Task directions: The entries below are to be copied exactly, with every picture left out.

<<<<

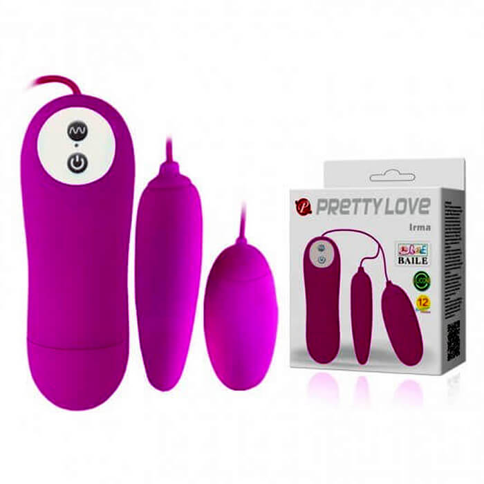 - Trứng rung tình yêu Pretty Love Irma Baile trứng rung gồm 1 trứng tròn và một trứng dài có tác dụng massage và kích thích mọi góc gách bên trong của âm đạo, chạm đến và kích thích điểm G.
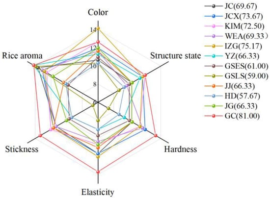 2.3.3. Sensory Evaluation of FWRNs Produced from Different Rice Varieties
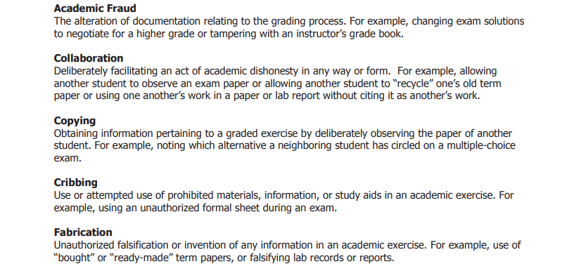 伦斯勒理工大学对学术不诚信的定义,包括不限于:学术欺诈、未经允许的合作、抄袭、使用未经允许的材料、伪造、剽窃、恶意破坏、代写代考(Academic Fraud、Collaboration、Copying、Cribbing、Fabrication、Plagiarism、Sabotage、Substitution)。
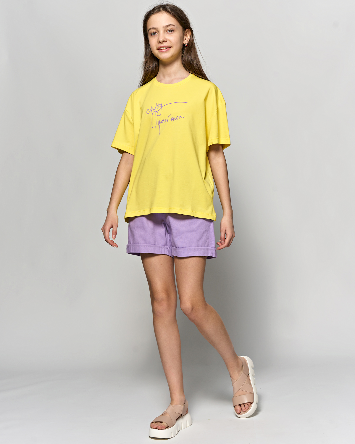 Футболка Cegisa свободного кроя для девочки оптом выполнена из высококачественного материала кулирка с добавлением эластана. Приятная на ощупь ткань футболки с принтом не потеряет свой первоначальный вид после множества стирок. Футболка на девочку хорошо пропускает воздух и не закатывается. Модель свободного силуэта не сковывает движения и комфортна в носке. Стильная и милая дизайнерская печать прекрасно дополнит образ. Футболка оверсайз отлично подходит для повседневной носки, физкультуры или дома.
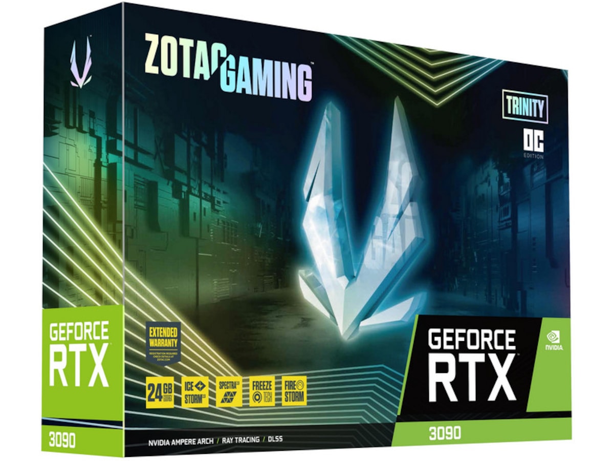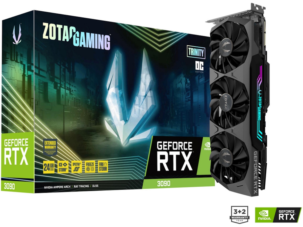 ZOTAC GeForce RTX 3090 Trinity OC Få fler fördelar med ZOTAC GAMING GeForce RTX™ 30-serien, baserad på NVIDIA Ampere-arkitekturen. ZOTAC GAMING GeForce RTX 3090 Trinity OC är byggd med förbättrade RT Cores och Tensor Cores, nya strömmande multiprocessorer och supersnabbt GDDR6X-minne och ger upphov till en förstärkt spelupplevelse med ultragrafisk verklighet.
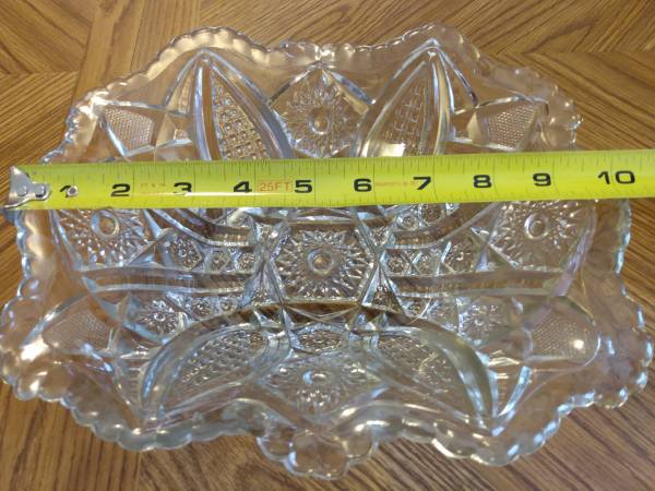 Pre-owned vintage. Clear fine-cut glass and rectangular-shaped Bowl with wavy, square-cut sawtooth edge design. No chips. Cash price $38.00 Please bring exact change. Thank you.

>>>>

Response below:
 - Trứng rung tình yêu Pretty Love Irma Baile trứng rung gồm 1 trứng tròn và một trứng dài có tác dụng massage và kích thích mọi góc gách bên trong của âm đạo, chạm đến và kích thích điểm G.
 2.3.3. Sensory Evaluation of FWRNs Produced from Different Rice Varieties
 伦斯勒理工大学对学术不诚信的定义,包括不限于:学术欺诈、未经允许的合作、抄袭、使用未经允许的材料、伪造、剽窃、恶意破坏、代写代考(Academic Fraud、Collaboration、Copying、Cribbing、Fabrication、Plagiarism、Sabotage、Substitution)。
 Футболка Cegisa свободного кроя для девочки оптом выполнена из высококачественного материала кулирка с добавлением эластана. Приятная на ощупь ткань футболки с принтом не потеряет свой первоначальный вид после множества стирок. Футболка на девочку хорошо пропускает воздух и не закатывается. Модель свободного силуэта не сковывает движения и комфортна в носке. Стильная и милая дизайнерская печать прекрасно дополнит образ. Футболка оверсайз отлично подходит для повседневной носки, физкультуры или дома.
 ZOTAC GeForce RTX 3090 Trinity OC Få fler fördelar med ZOTAC GAMING GeForce RTX™ 30-serien, baserad på NVIDIA Ampere-arkitekturen. ZOTAC GAMING GeForce RTX 3090 Trinity OC är byggd med förbättrade RT Cores och Tensor Cores, nya strömmande multiprocessorer och supersnabbt GDDR6X-minne och ger upphov till en förstärkt spelupplevelse med ultragrafisk verklighet.
 Pre-owned vintage. Clear fine-cut glass and rectangular-shaped Bowl with wavy, square-cut sawtooth edge design. No chips. Cash price $38.00 Please bring exact change. Thank you.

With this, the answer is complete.